GIVEN DATA:

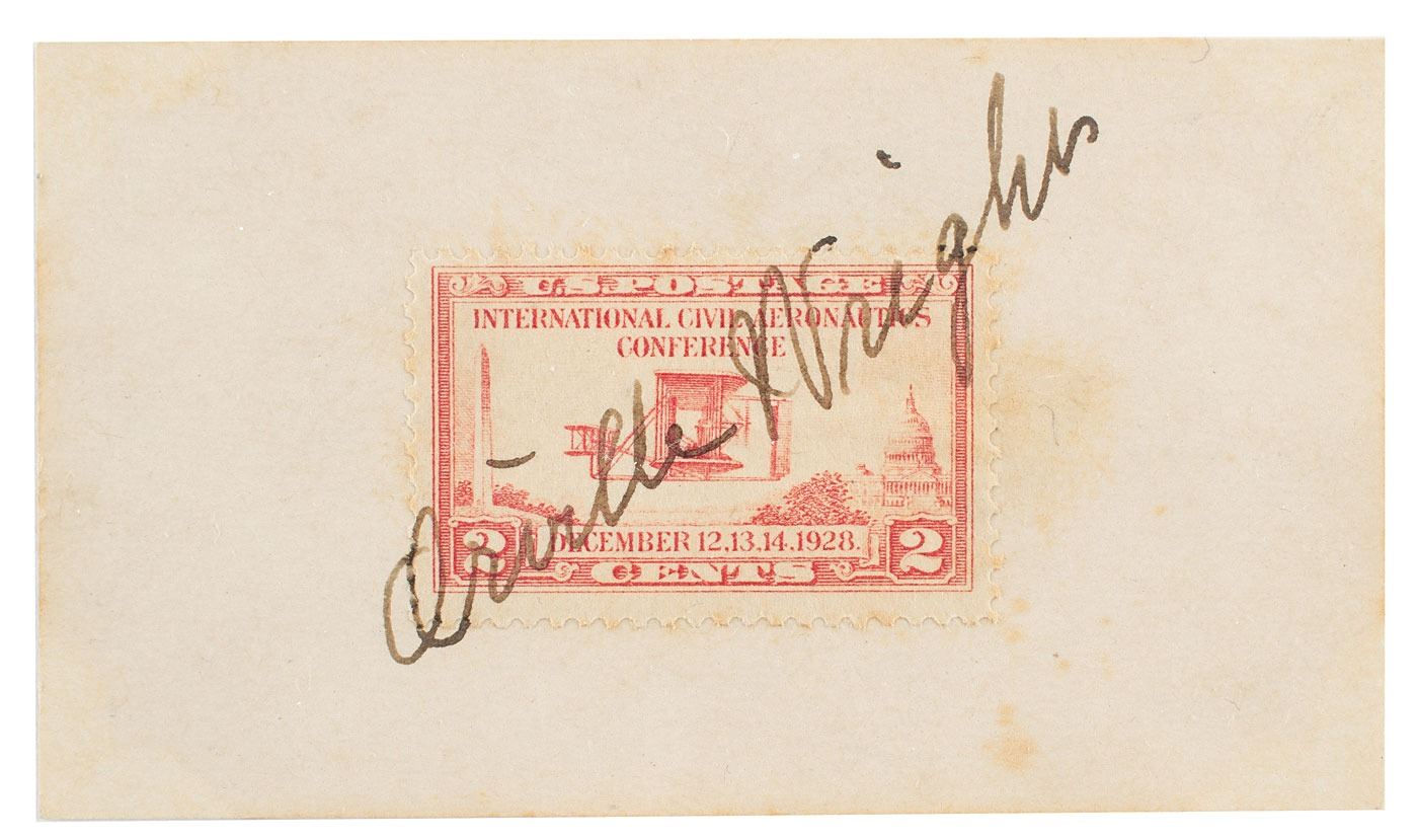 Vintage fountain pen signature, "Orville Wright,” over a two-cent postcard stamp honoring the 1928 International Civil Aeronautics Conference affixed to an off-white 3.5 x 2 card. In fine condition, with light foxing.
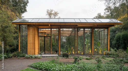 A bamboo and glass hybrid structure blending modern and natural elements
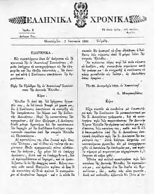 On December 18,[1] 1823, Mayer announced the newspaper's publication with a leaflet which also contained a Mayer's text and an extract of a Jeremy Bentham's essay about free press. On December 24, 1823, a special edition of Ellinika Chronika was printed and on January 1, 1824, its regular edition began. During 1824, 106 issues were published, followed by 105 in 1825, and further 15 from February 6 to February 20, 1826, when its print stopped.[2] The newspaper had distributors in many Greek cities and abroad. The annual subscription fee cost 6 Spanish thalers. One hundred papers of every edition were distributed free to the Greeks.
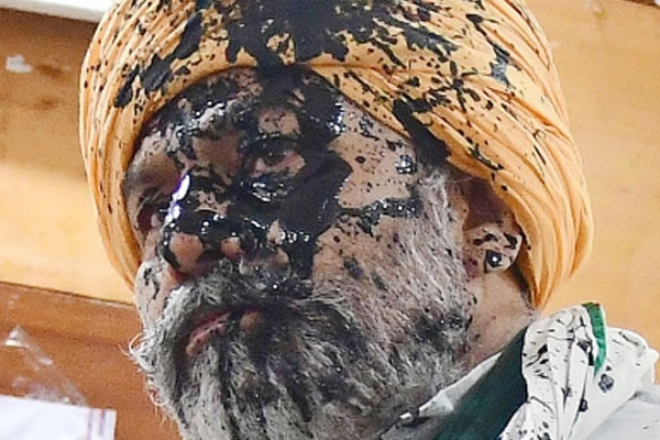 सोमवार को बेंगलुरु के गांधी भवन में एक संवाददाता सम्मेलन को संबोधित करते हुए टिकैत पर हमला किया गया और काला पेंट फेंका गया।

==

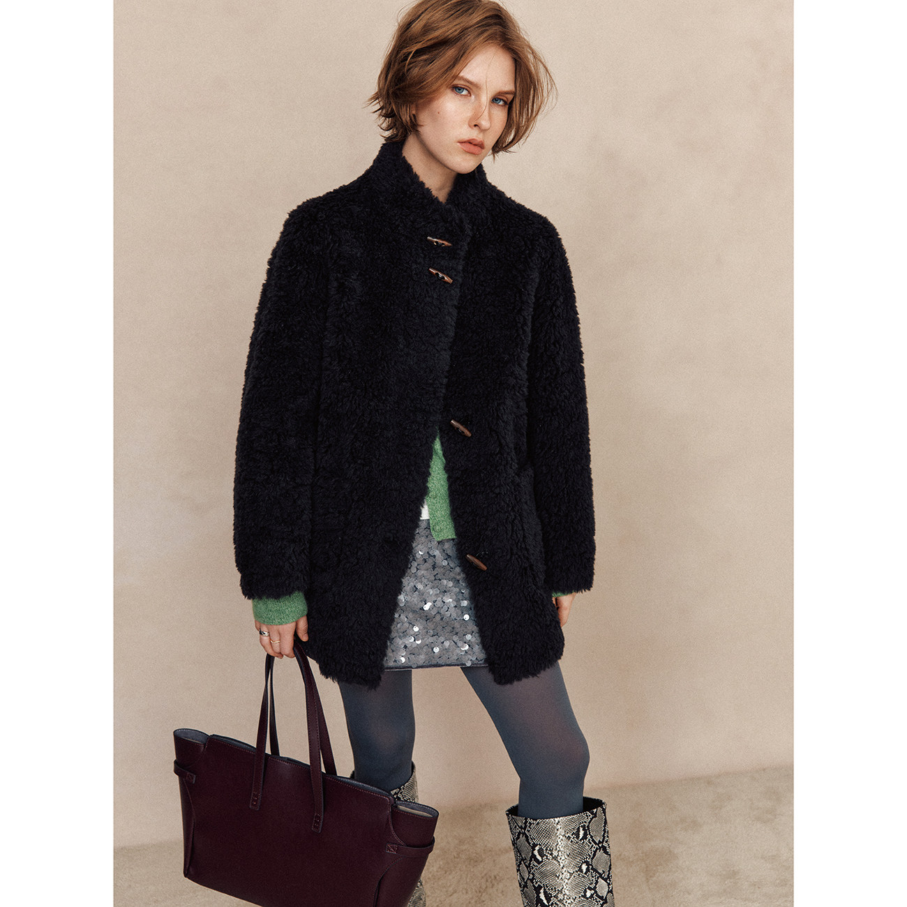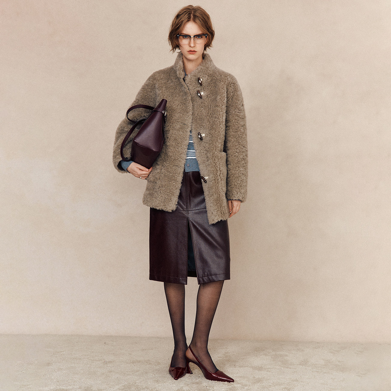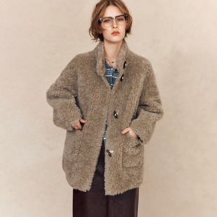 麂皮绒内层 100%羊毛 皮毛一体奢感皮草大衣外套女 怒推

---

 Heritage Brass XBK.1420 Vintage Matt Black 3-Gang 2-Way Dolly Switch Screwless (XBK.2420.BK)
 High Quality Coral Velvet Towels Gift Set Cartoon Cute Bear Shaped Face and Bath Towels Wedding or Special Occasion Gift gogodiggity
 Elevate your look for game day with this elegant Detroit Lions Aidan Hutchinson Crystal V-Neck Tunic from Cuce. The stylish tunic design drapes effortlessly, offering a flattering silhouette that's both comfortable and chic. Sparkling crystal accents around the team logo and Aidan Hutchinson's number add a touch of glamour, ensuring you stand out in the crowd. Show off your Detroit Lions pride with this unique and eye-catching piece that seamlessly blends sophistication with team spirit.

TASK DETAILS: In the listing above, find the line with "Heritage Brass XBK.1420" and the line with "High Quality Coral", then print exactly those lines and every line between them.

TASK SOLUTION:
 Heritage Brass XBK.1420 Vintage Matt Black 3-Gang 2-Way Dolly Switch Screwless (XBK.2420.BK)
 High Quality Coral Velvet Towels Gift Set Cartoon Cute Bear Shaped Face and Bath Towels Wedding or Special Occasion Gift gogodiggity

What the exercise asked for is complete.